Thousands of people signed a petition demanding the removal of the sculpture on the 200-year-old sign for the Green Man and Black’s Head inn in Ashbourne, Derbyshire. Derbyshire Dales District Council had agreed to take the head off the sign with “immediate effect” but a group of locals got there first and removed it last night, claiming they had received permission to do so and insisting they planned to protect and restore it.
Around 50 people gathered to see the removal of the historic wooden caricature from its prominent position in the town centre.
Resident Mark Redfern said: “The head will be restored while on the ground and returned to its position at a later date. Local councillors were also there too.
“Saved by the people of Ashbourne.”
Mr Redfern said the head would be given “a lick of black paint” and claimed the move was to save it from vandalism.
A Change.org petition denouncing the head’s “disgusting racist imagery” and calling for the its removal had amassed more than 35,000 signatures by last night.
The Grade II-listed pub sign, which arches over Ashbourne’s St John’s Street, depicts the face of a black man, which one 20-year-old anthropology student from the town said resembled a golliwog, a 19th-century rag doll which is considered racist.
She said: “I think people are ashamed of it.
“Having it in the middle of the street in a small town is so unwelcoming.
“It should have been taken down a long time ago and put in a museum.”
Matthew Holt, a 19-year-old international relations student from Ashbourne, also signed the petition, stating: “It seems such an obvious racist sign.
“I think it’s important we address our history; we can’t change it but this shouldn’t be displayed in the public eye.
“It should be in a museum where we can learn about it with a description to contextualise it.”
Their demands prompted Derbyshire Dales District Council’s decision to remove the monument from the sign.
A council spokesman said earlier: “We’re removing the head from the sign with immediate effect.
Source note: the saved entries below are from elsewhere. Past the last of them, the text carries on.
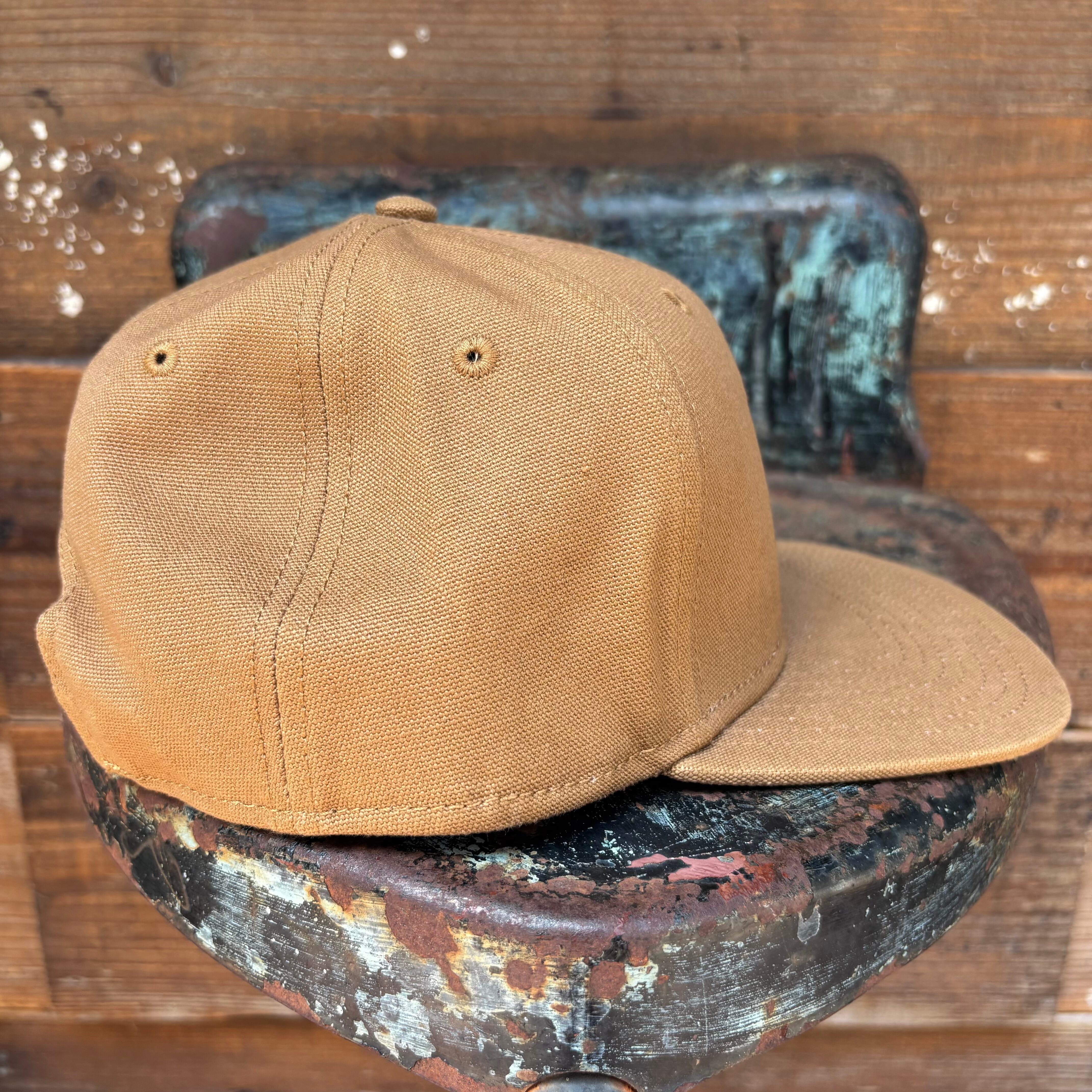 BEAGLEオリジナルキャップ。ブラウンのコットンキャンバス地。フラットバイザーキャップ、スナップバック仕様。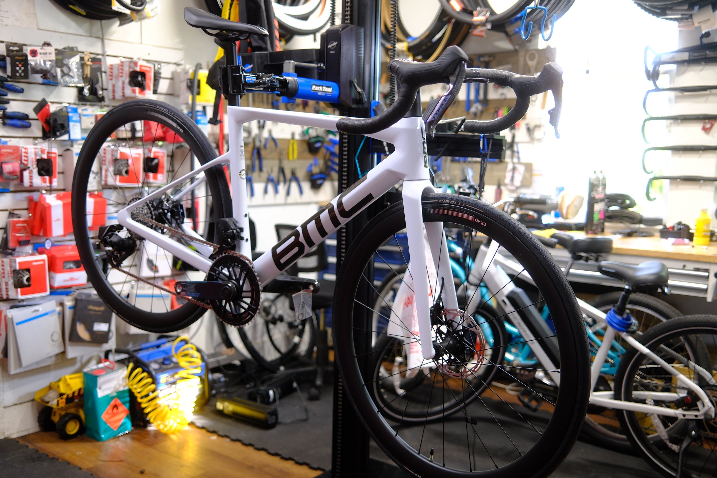 If this BMC Speedmachine 01 build caught your eye, we invite you to come see it in person. The photos do not do it justice — the matte white finish, the Princeton wheels, and the clean integration of the Shimano 105 Di2 system are something you need to experience firsthand.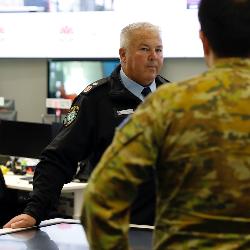 Worboys is based in the NSW Rural Fire Service’s operations centre in Homebush, which has become a combat agency rolling from one emergency to the next. He coordinates ambulance, fire and rescue, transport, the NSW Department of Premier and Cabinet, welfare, local government and other government agencies. His home life, golfing mates and gardening are all on hold. He knows Shane Fitzsimmons, the former rural fire chief, now Resilience NSW Commissioner so much better after they helped thousands of residents escape the past summer’s bushfires.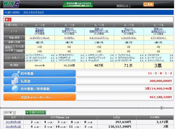 WIN5に初めてキャリーオーバー 初めて上限の2億円 3枚 次回キャリーオーバー 4億6700万円! ---前日のブログ-- 春の総決算 第52回宝塚記念 の私の馬券は惜しかった! 軸馬をローズキングダム これが4着 逆に3着になればと ブエナビスタを負かすのはローズキングダム とエイシンフラッシュ の2頭で3連単マルチ PATは外れたが、馬券は当たり 2番手を進んだ6番人気のアーネストリー(牡6、佐々木)が4角先頭から押し切り、2分10秒1のレコードでG1初制覇を達成した。殊勲の佐藤哲三騎手は「強かったと思います。下が緩かったし心配もあったが、いつもの感じなら大丈夫だと思っていた。イメージ通りの調教ができた時は、イメージ通りの結果が出ていたので」と笑顔で振り返った。 1番人気ブエナビスタは中団後方から追い込み1馬身半差の2着。勝ち馬に迫るまではいかなかったが、エイシンフラッシュを鼻差かわして女王の意地を見せた。 馬連(2)(8)1660円 6人気、馬単(2)(8)4740円 18人気、3連複(2)(4)(8)2020円 4人気、3連単(2)(8)(4)1万7480円 50人気。 --昼のブログ-- 春の総決算 第52回宝塚記念 の私の馬券 1) 阪神(日) 11R 3連単 フォーメーション 1着:04,08,092着:02,03,04,08,093着:02,03,04,08,09 各100円(計3,600円) (2) 阪神(日) 11R 3連単 フォーメーション 1着:04,092着:083着:02,03,04,08,09 各100円(計600円) (3) 阪神(日) 11R 3連単 フォーメーション 1着:082着:04,093着:02,03,04,09 各200円(計1,200円) (4) 阪神(日) 11R 3連複 軸2頭ながし 軸馬:08-09相手:02,03,04 各500円(計1,500円) 合計金額 6,900円 WIN5予想1件目中山10R:02,16阪神10R:04,06函館11R:02,06中山11R:01,05阪神11R:04,08,09各100円(合計:4,800円) --朝のブログ-- 春の総決算 第52回宝塚記念 の人気馬 ブエナビスタ(4枠8番 岩田騎手)1番人気 3.2倍 ヴィクトリアマイル2着 G1 5勝 ルーラーシップ(2枠3番 横山騎手)2番人気 3.9倍 父キングカメハメハ、母エアグルーヴという指折りの良血馬 金鯱賞優勝 エイシンフラッシュ(2枠4番 安藤騎手)3番人気 5.2倍 前走の天皇賞(春)は、優勝馬ヒルノダムールから半馬身差の2着 トゥザグローリー(7枠14番 福永騎手)4番人気 7.8倍 ローズキングダム(5枠9番 ウィリアムズ騎手)5番人気 11.9倍 ブエナビスタの1位入線2着降着があったとはいえ、3歳でジャパンカップのタイトルを取った実力馬 良馬場が望ましい アーネストリー(1枠2番 佐藤騎手)6番人気 13.3倍 ナムラクレセント(1枠1番 和田騎手)7番人気 19.2倍 前走の天皇賞(春)は、優勝馬ヒルノダムールから0.3秒差の3着 --前回のブログ-- 春の総決算 第52回宝塚記念 いよいよ日曜日にある。 ブエナビスタかルーラーシップか ブエナビスタ:G16勝目を狙う ルーラーシップ:最強世代の遅れてきた良血馬(金鯱賞優勝馬) 珍しく金曜日にニッカンスポーツを購入した。 じっくり検討して当てたい! ブログランキングに参加しています。 記事にビビっときたらワンクリックお願いします!♪ にほんブログ村!!アダルトトラックバックやコメントはやめてください!!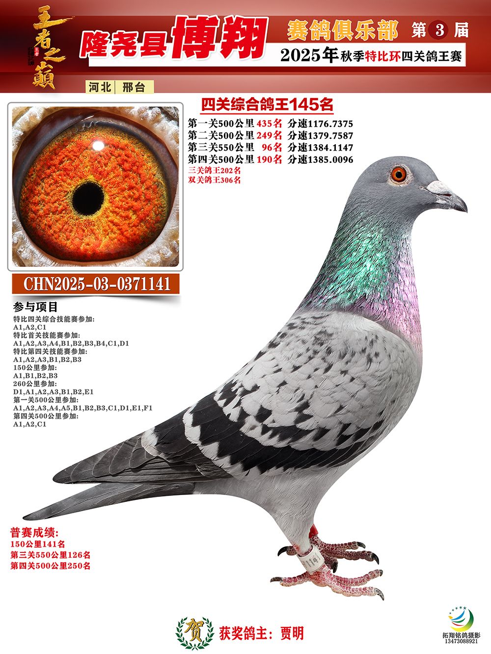 | 1626340 | 博翔特比四关鸽王125名 | ¥200元 | 1次 |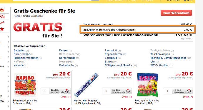 Falls wir die Einschränkung nur im Warenkorb anzeigen (so macht das z.B. Böttcher, auch wenn die Einschränkung dort heute nicht zu funktionieren scheint) habe ich fast alle Daten. Da der „beschenkbare“ Warenwert sowieso schon im Warenkorb gespeichert ist müsste ich dafür nur die Berechnung dieses Wertes anpassen.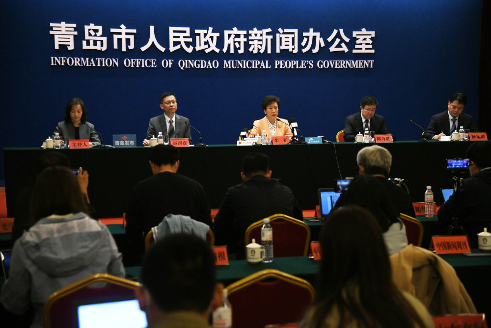 10月15日,青岛市召开疫情防控情况新闻发布会。新华社记者李紫恒摄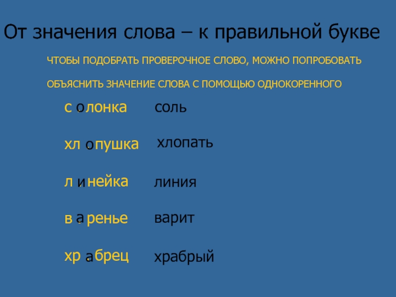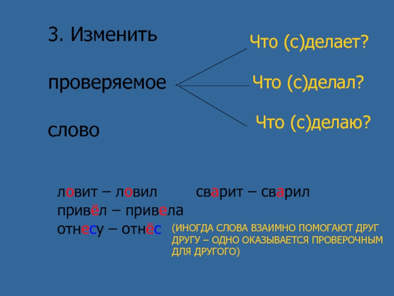 ЧТОБЫ ПОДОБРАТЬ ПРОВЕРОЧНОЕ СЛОВО, МОЖНО ПОПРОБОВАТЬ

“We agree that the sign itself is not only a public safety concern right now, but that this is an issue that requires urgent discussion and consultation.
“The sign was gifted to the district council a number of years ago and is currently protected by a Grade II structure listing.
“Legally, only Heritage England or the Secretary of State can remove this listing, which means we need to take on board the views of our own councillors and local people before taking forward any representations. This will happen soon.”